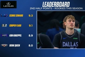 亚历山大打出历史第二高效的场均30+分赛季 仅次于16库里
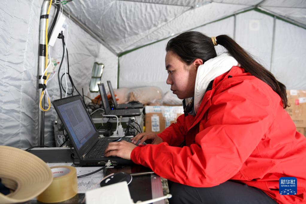 在珠峰登山大本營,科研人員查看數據(5月2日攝)。新華社記者 薑帆 攝
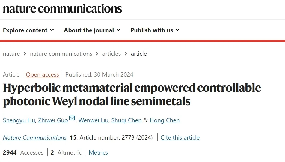 隨著拓?fù)淠軒Ю碚摰陌l(fā)展,存在帶隙的拓?fù)浣^緣體相引起了廣泛關(guān)注,推動(dòng)了關(guān)于無(wú)帶隙的拓?fù)浒虢饘傧嗟男乱惠喬剿鳌N锢砜茖W(xué)與工程學(xué)院陳鴻課題組提出含雙曲超構(gòu)材料的一維光子晶體可以提供一個(gè)靈活的多功能平臺(tái)以實(shí)現(xiàn)Weyl節(jié)線半金屬(WNLS)的動(dòng)力學(xué)演化和拓?fù)湫哉{(diào)控。相關(guān)研究成果在線發(fā)表于《自然·通訊》(Nature Communications)。
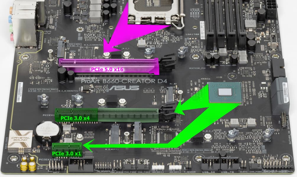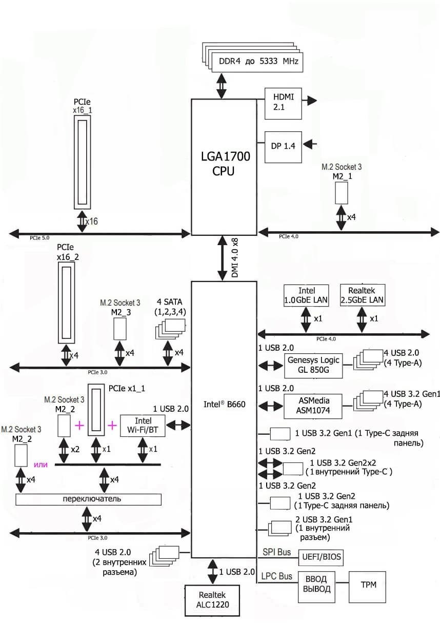 Процессоры Intel Core 12-го поколения (совместимые с сокетом LGA1700 и поддерживаемые B660/Z690) имеют 20 линий ввода-вывода (16 PCIe 5.0, 4 PCIe 4.0), не имеют USB и SATA портов. При этом взаимодействие с B660 идет по особому каналу Digital Media Interface 4.0 (DMI 4.0 x4 (именно х4!)). Все PCIe линии процессора идут на слоты расширения PCIe и порт М.2. Serial Peripheral Interface (SPI) используется для взаимодействия с системой UEFI/BIOS, а шина Low Pin Count (LPC) — для связи с устройствами ввода/вывода, не требующими высокой пропускной способности (контроллерами вентиляторов, TPM, старой периферии).
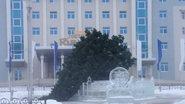 В Салехарде сильный ветер повалил праздничную елку на городской площади. Она была установлена перед главной гостиницей Ямала «Юрибей». Как отмечает ИА «Ура.Ру», дерево не просто свалилось на бок, а сложилось в весьма причудливую позу. Это и вызвало многочисленные ироничные комментарии жителей города в соцсетях. Так, елку назвали «увядшей» и «приунывшей». А некоторые посчитали, что она «сама пытается уползти с площади» и сделали вывод, что «елку надо убирать вовремя». Руководство гостиницы пока отказывается комментировать произошедшее.
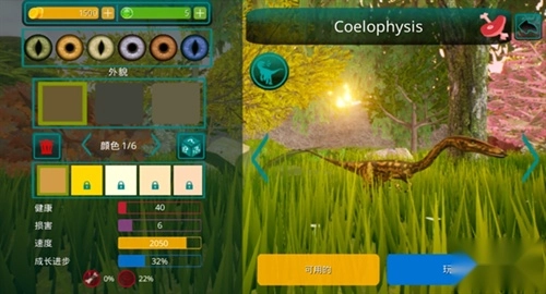 3、游戏拥有自定义装扮系统,玩家可捏造专属的恐龙形象,在左侧编辑各种外貌和颜色。
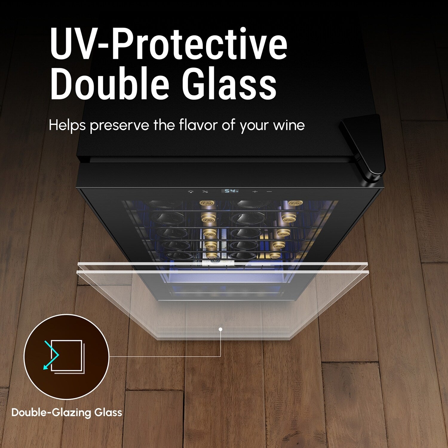 Préservez la qualité de votre vin grâce à notre porte vitrée double vitrage à protection UV. Cette caractéristique bloque les rayons UV nocifs, garantissant que votre vin conserve son goût et son arôme parfaits.
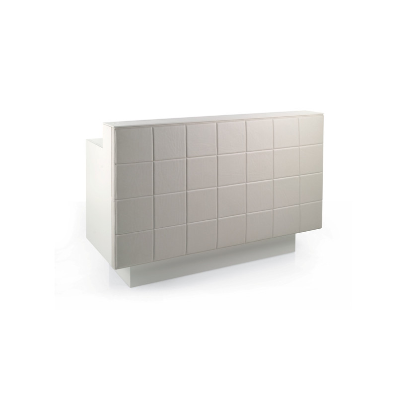 Стойка администратора прямоугольной формы с декоративной отделкой фасада из искусственой кожи. Корпус и наполнение выполнены в ламинате. Обивка - искусственная кожа высшего качества.

###

Exact copy, no pictures. Write out the lines in the entries above, starting with the line with "在珠峰登山大本營,科研人員查看數據(5月2日攝)。新華社記者 薑帆 攝" and going on through the line with "隨著拓?fù)淠軒Ю碚摰陌l", keeping both.

 在珠峰登山大本營,科研人員查看數據(5月2日攝)。新華社記者 薑帆 攝
 隨著拓?fù)淠軒Ю碚摰陌l(fā)展,存在帶隙的拓?fù)浣^緣體相引起了廣泛關(guān)注,推動(dòng)了關(guān)于無(wú)帶隙的拓?fù)浒虢饘傧嗟男乱惠喬剿鳌N锢砜茖W(xué)與工程學(xué)院陳鴻課題組提出含雙曲超構(gòu)材料的一維光子晶體可以提供一個(gè)靈活的多功能平臺(tái)以實(shí)現(xiàn)Weyl節(jié)線半金屬(WNLS)的動(dòng)力學(xué)演化和拓?fù)湫哉{(diào)控。相關(guān)研究成果在線發(fā)表于《自然·通訊》(Nature Communications)。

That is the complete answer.